TASK STATEMENT
Return only the lines from the one that contains "Ginkgo leaf pendant" through the last line of the records below, exactly as they stand. Pictures are not part of the copy.
[Start of Attachment]
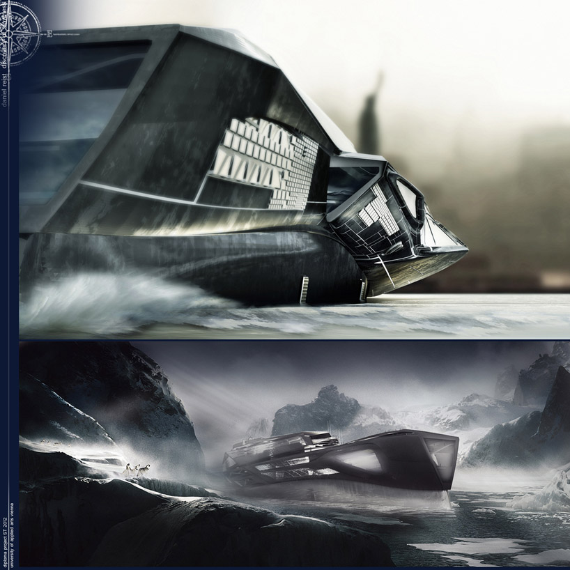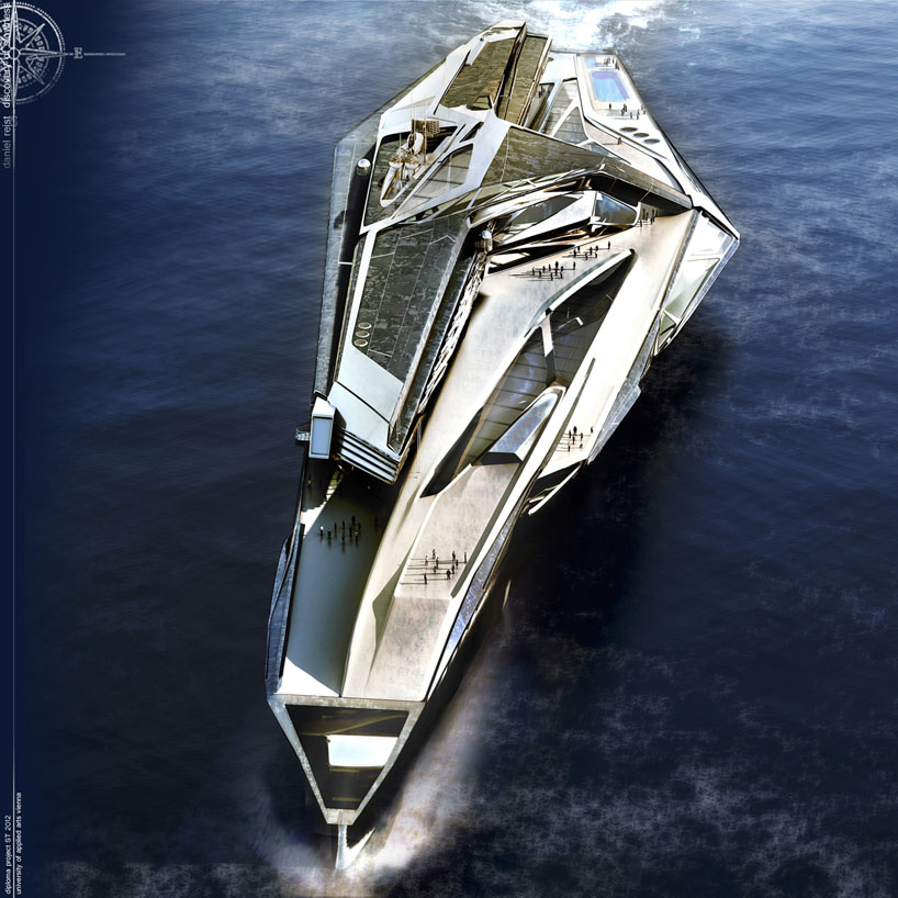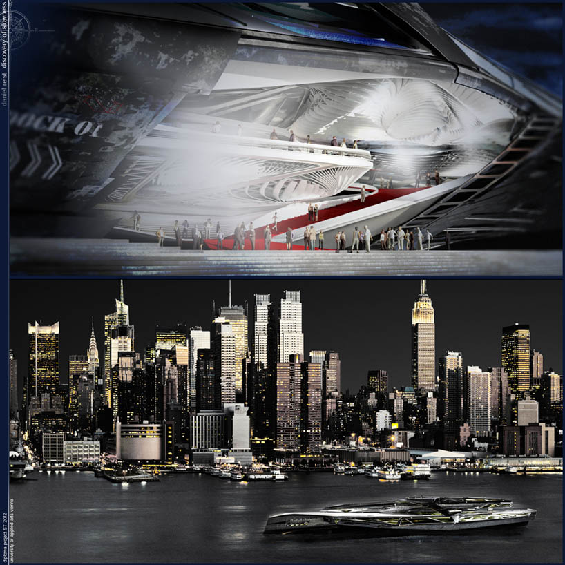 What is the definition of a building? Somthing that is built for human habitation. It can also be described as a structure that has floors and walls. But why should a building always stay at one place. Ships are one of the largest entities that human mankind has ever constructed. If we take the the aircraft carrier as an example. It is not just a ship, it is also a hybrid of programs, a connection between air and water. Hans Hollein was referring to the spatial performance of this vessel in his project "der Flugzuegtraeger in der Landschaft". Besides the Aircraft carrier as ship typlogy I want to mention one special vessel. The SS Normandie for me is really interesting. The designers decided to create a huge open space in the center of the ship to provide space for events, concerts and performances. So they decided to make the planning and the construction of this ship more complicated to achieve more spatial quality. One of the basic ideas of my project was, in times where everything has to be fast and optimized, to create an entity the creates its own time, inspired by the book of Stan Nadolny (the discovery of slowness). Another main Idea of this project is to create a new sustainable way of travelling. The vessel is fueled with hydrogen, that is produced by the ship itself with solar cells on its surface. When the ship is interacting with an urban environment, the ship is charging itself and produces hydrogen. To cover port costs the main event hall in the center of the vessel can be rented out. All these parameters were influencing the design process and were leading to the resulting ship typology. This object should be able to bring events to different locations and also provide space for political happenings like the G8 summit. All in all this project is not a simple cruise ship, it is a multifunctional envelope that is independent of any location in the world. It can work totally isolated or interact with city environment to extend the urban space.
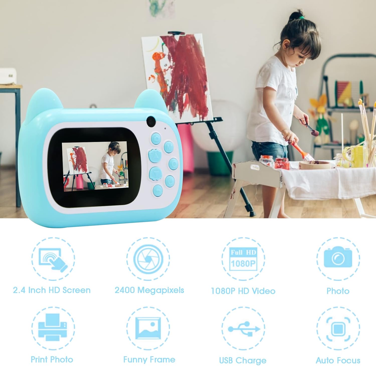 Детски фотоапарат за моментално снимане, 6,1 см LCD екран, детски фотоапарат за печат, цифров фотоапарат с 6x увеличение, 24M пиксела двоен обектив и 1080P видеорекордер, подарък за момчета и момичета (зелен)
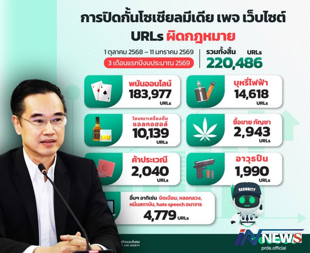 กรุงเทพฯ-ดีอี เผยผลปิดกั้น URLs ผิดกฎหมาย 3 เดือน 2.2 แสนรายการ พนันออนไลน์ พุ่งสูงกว่า 1.8 แสนรายการ
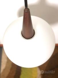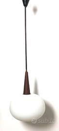 Elegante lampadario Vintage degli anni 60,caratterizzato da un design minimalista e raffinato in style Mid Century Modern. La struttura combina un elemento superiore in legno di Teak a cono,il diffusore è realizzato in vetro opalino bianco che dona una luce calda e diffusa,perfetto per creare un'atmosfera accogliente in ogni ambiente. La linea minimalista è un classico esempio dello stile Scandinavo,la forma affusolata del supporto superiore e il diffusore creano un equilibrio tra geometria e morbidezza visiva. CONDIZIONI PERFETTE Misure: Altezza vetro/cono cm 45 - Altezza totale cm 95 - Diametro lampada cm 28
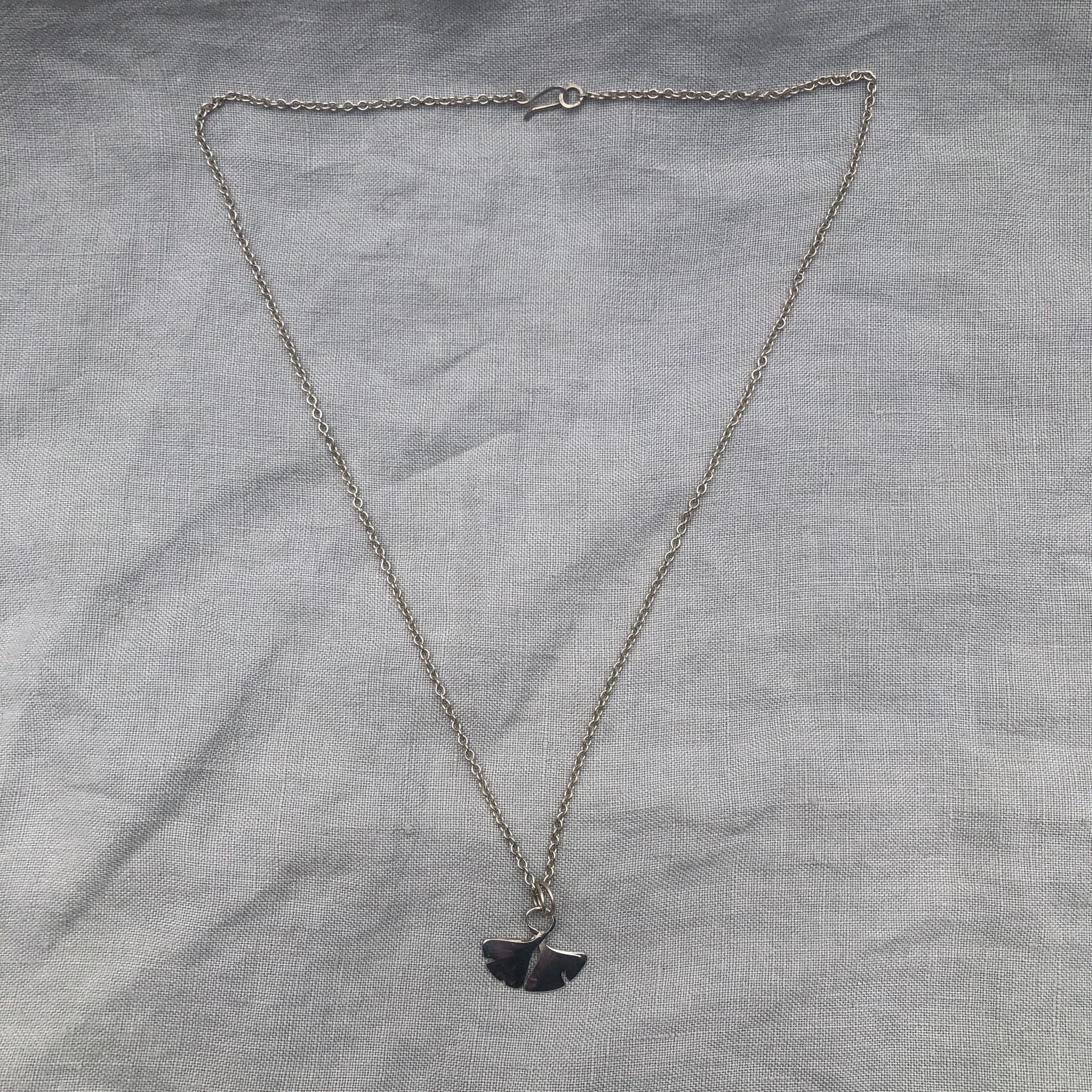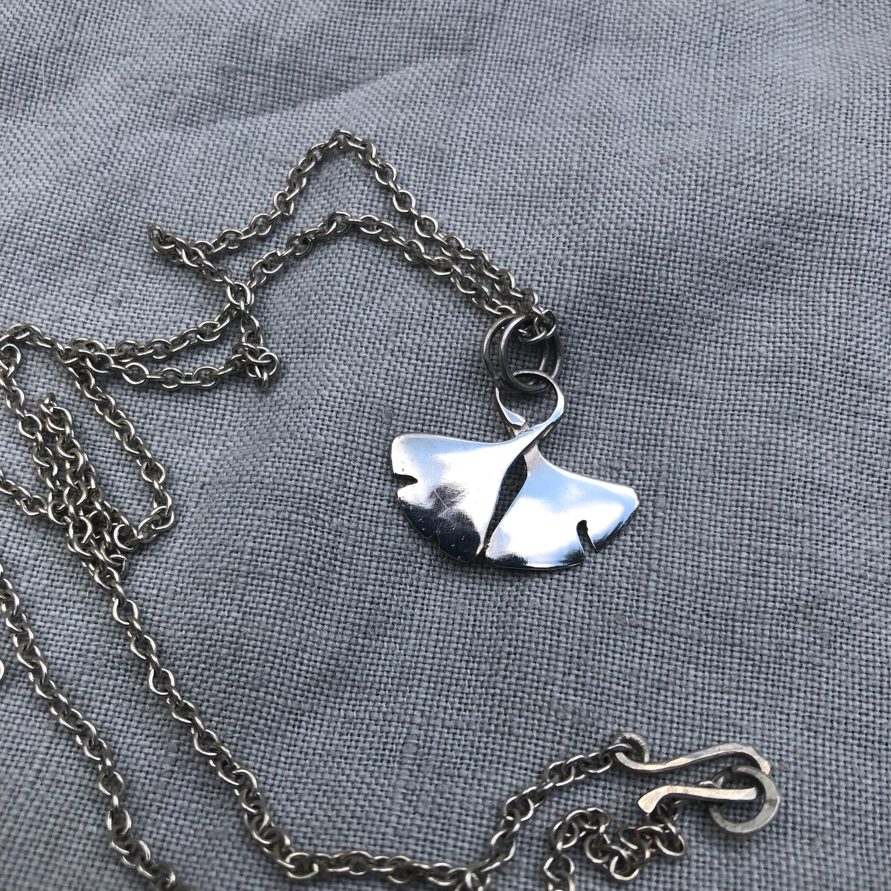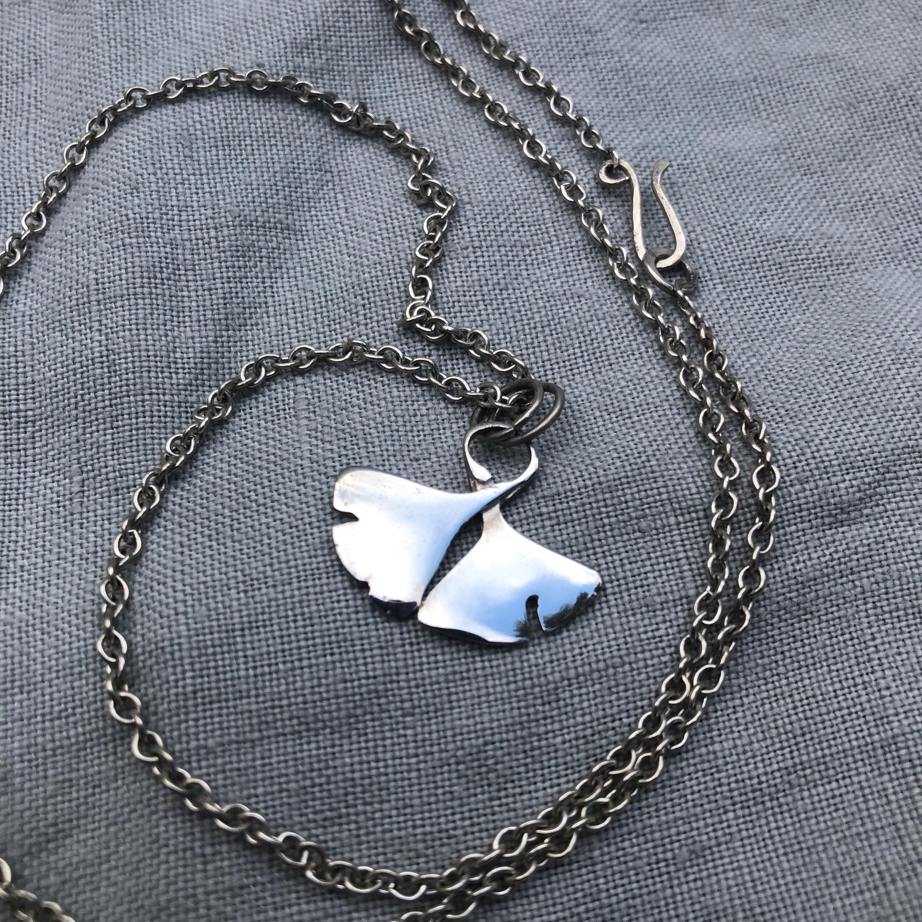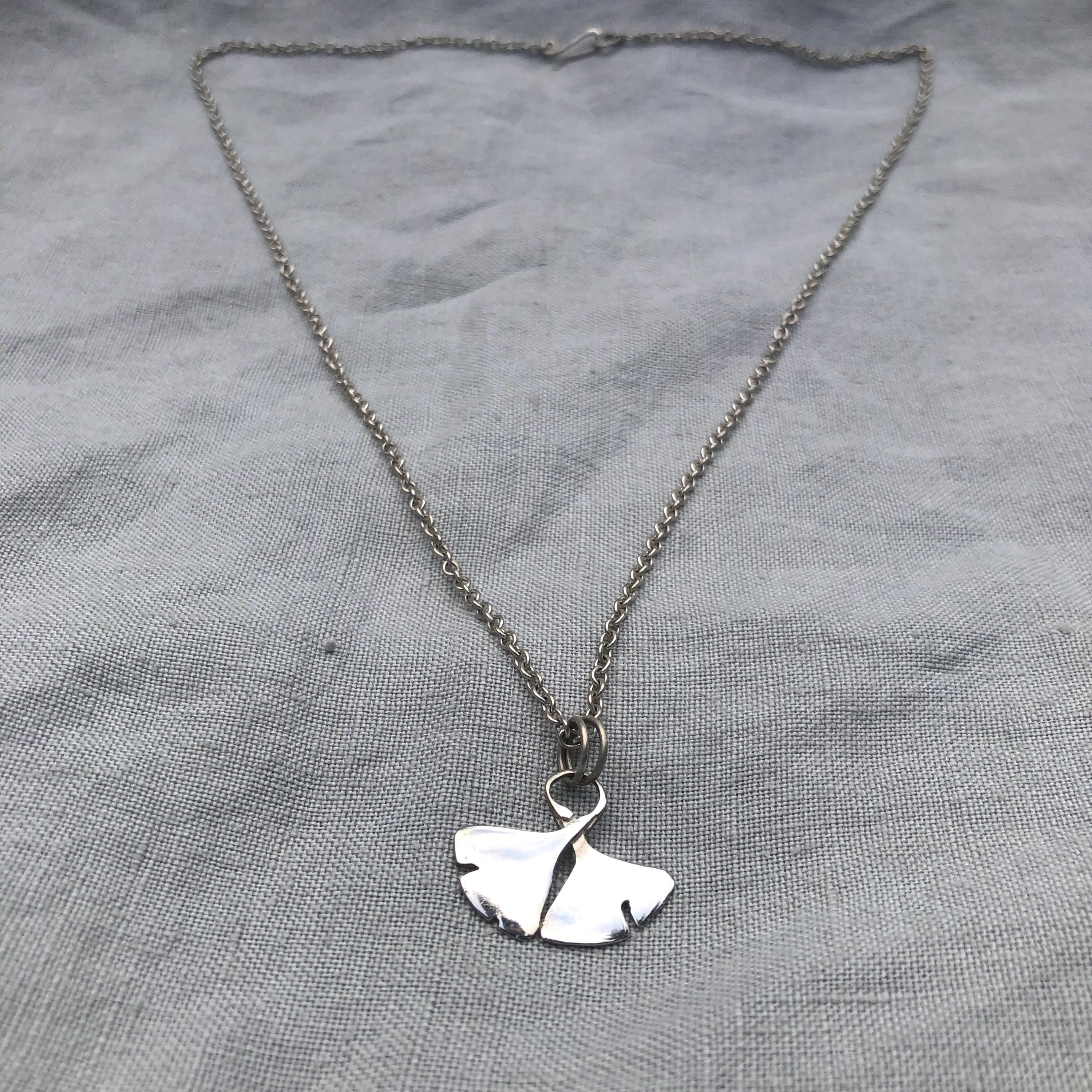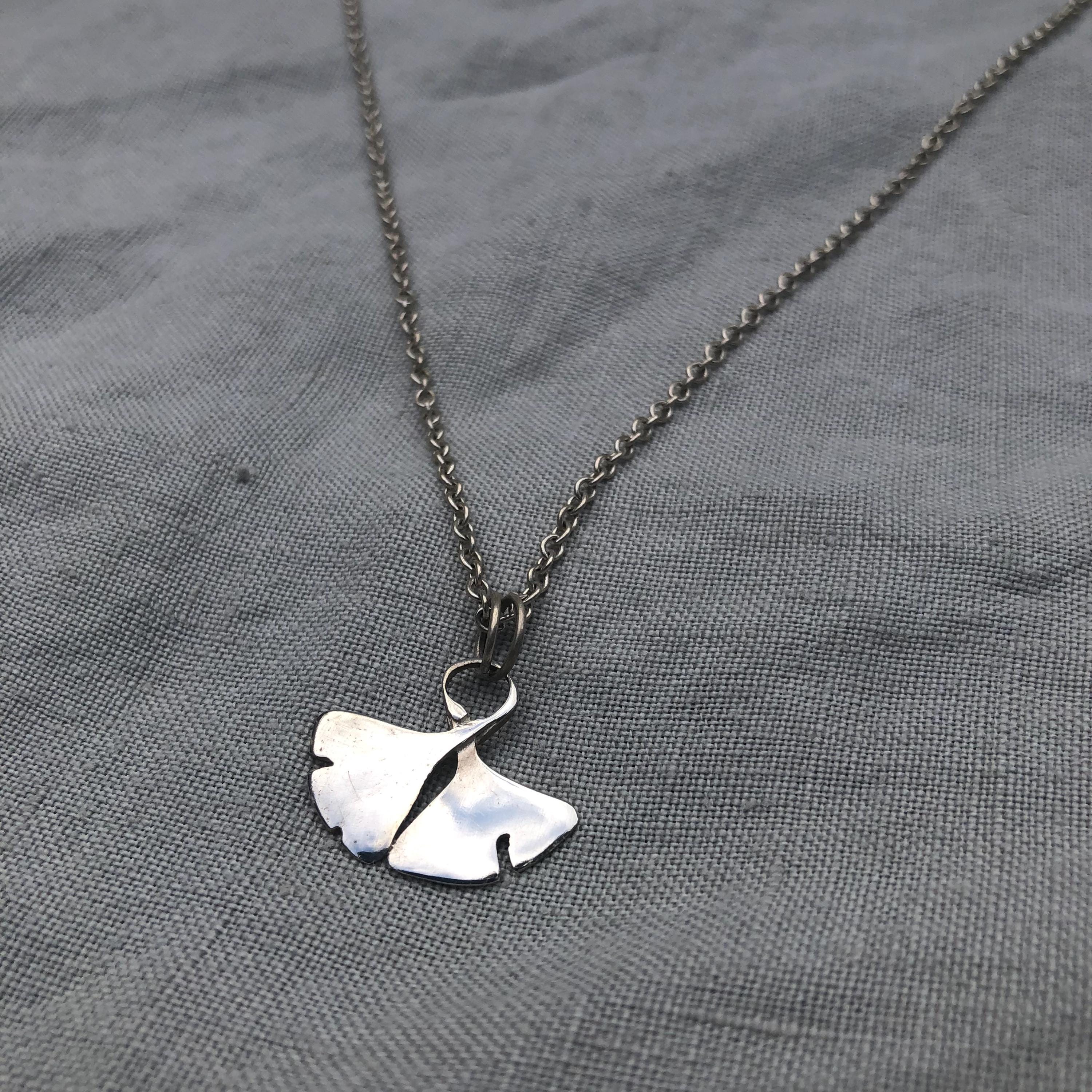 Ginkgo leaf pendant in argentium sterling silver
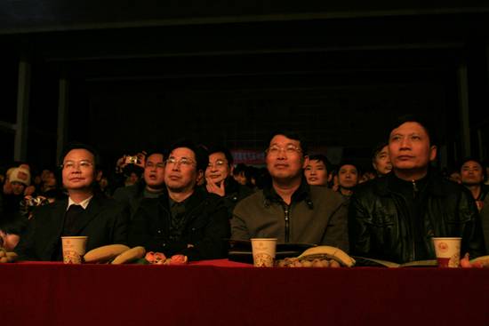 晚会部分嘉宾,从左至右依次为院长曹健华、副院长曾宝成、院党委副书记陈晓飞、副院长曾阳素
[End of Attachment]
EXERCISE SOLUTION
 Ginkgo leaf pendant in argentium sterling silver
 晚会部分嘉宾,从左至右依次为院长曹健华、副院长曾宝成、院党委副书记陈晓飞、副院长曾阳素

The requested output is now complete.